Moreover, Eurocontrol conducted a further analysis how TCAS II would have reacted in this case with the modification CP 112 which had already been developed prior to the accident. According to the results provided, TCAS would have generated a Reversal RA after the initial RA which would have led to a sufficient vertical separation of both aircraft if the Boeing B757-200 [the DHL freighter] crew would have reacted according to the Reversal RA.
Despite this clear statement, this necessary causal factor did not appear amongst the causes in Section 3 of the BFU report.
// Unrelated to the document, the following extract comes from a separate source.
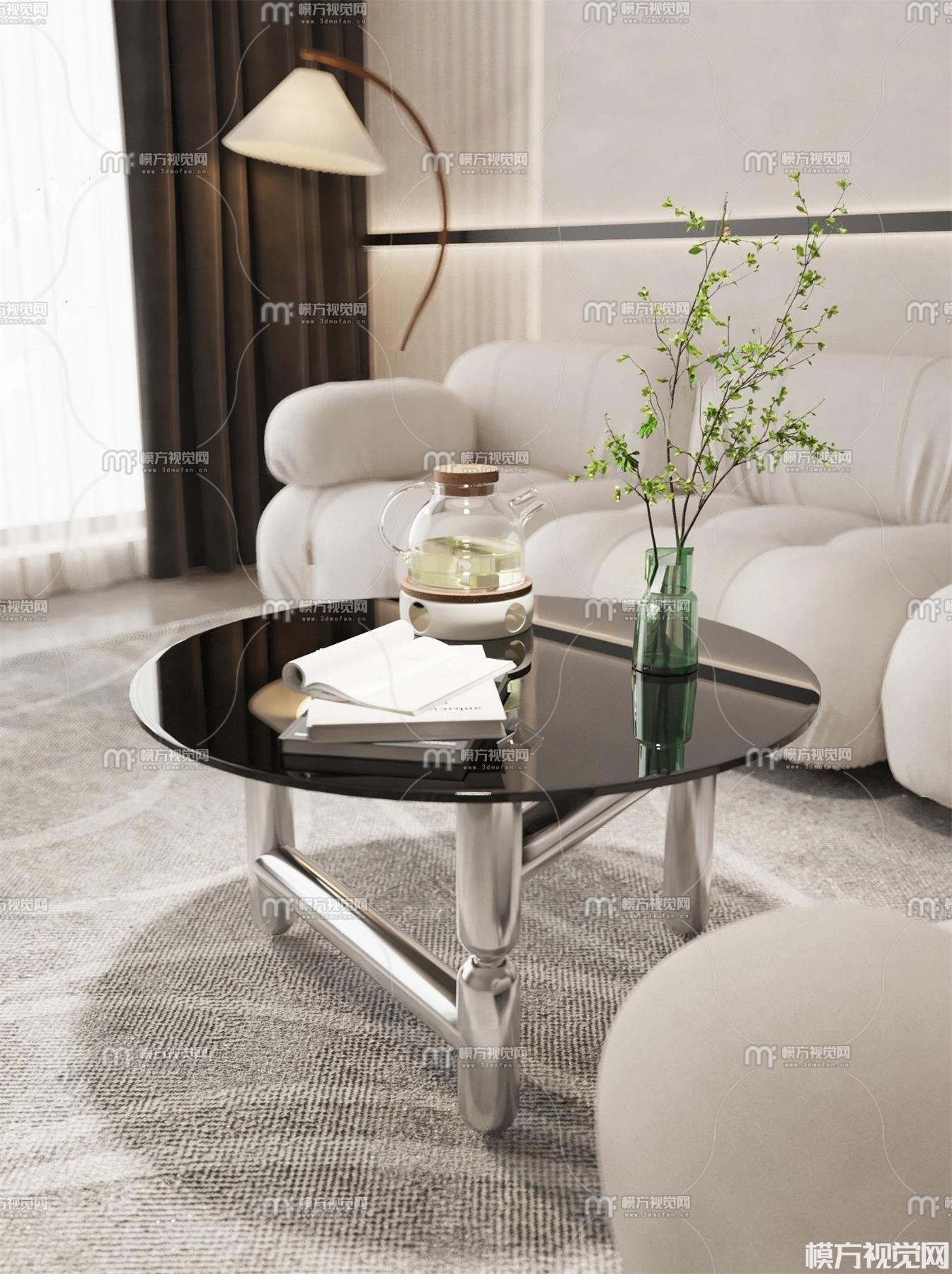 现代玻璃不锈钢茶几3D模型(ID:0033091)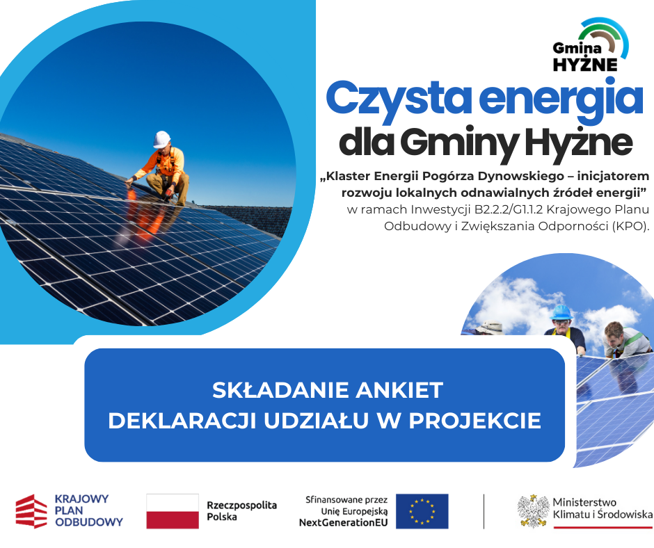 Dotyczy projektu: „Klaster Energii Pogórza Dynowskiego – inicjatorem rozwoju lokalnych odnawialnych źródeł energii” w ramach Inwestycji B2.2.2/G1.1.2 Krajowego Planu Odbudowy i Zwiększania Odporności (KPO).

In fact, it was known to Eurocontrol in 2000 that Reversal RAs did not function as desired. In engineering-scientific parlance, the design of TCAS did not fulfil its requirements specification. Eurocontrol filed a change notice with the committee, CP 112, to get this fixed. Two years later, there occurred the Überlingen collision. Two years after the problem was first openly acknowledged. Then there were other near-misses, detailed in the Eurocontrol SIRE+ project. Finally, in 2008, RTCA accepted the amended CP 112+ as well as another Change Proposal, resulting in TCAS II Version 7.1 (some issues are detailed in the document Decision criteria for regulatory measures on TCAS II version 7.1 by Stéphan Chabert & Hervé Drévillon).
The anomaly was known in 2000. A major accident in which it was a causal factor occurred 2002. The change was made in 2008. I think it is a scandal that it took so long to remedy this anomaly and that so many were killed on the way.
Third, Issue 4.5 of my paper concerned the cognitive state of the operators (the crews) and the decisions they took. I used an analysis method which I called the Rational Cognitive Model (RCM). Intuitively, it works like this. Suppose the operators were replaced by perfect robots with the same cognitive information and programmed with the TCAS operator procedures, as well as algorithms to make decisions according to the information and procedures. What would the robots do? I pointed out that the robots piloting the Russian aircraft might well have chosen to descend, as the Russian crew did, and for which they have been roundly criticised by all and sundry.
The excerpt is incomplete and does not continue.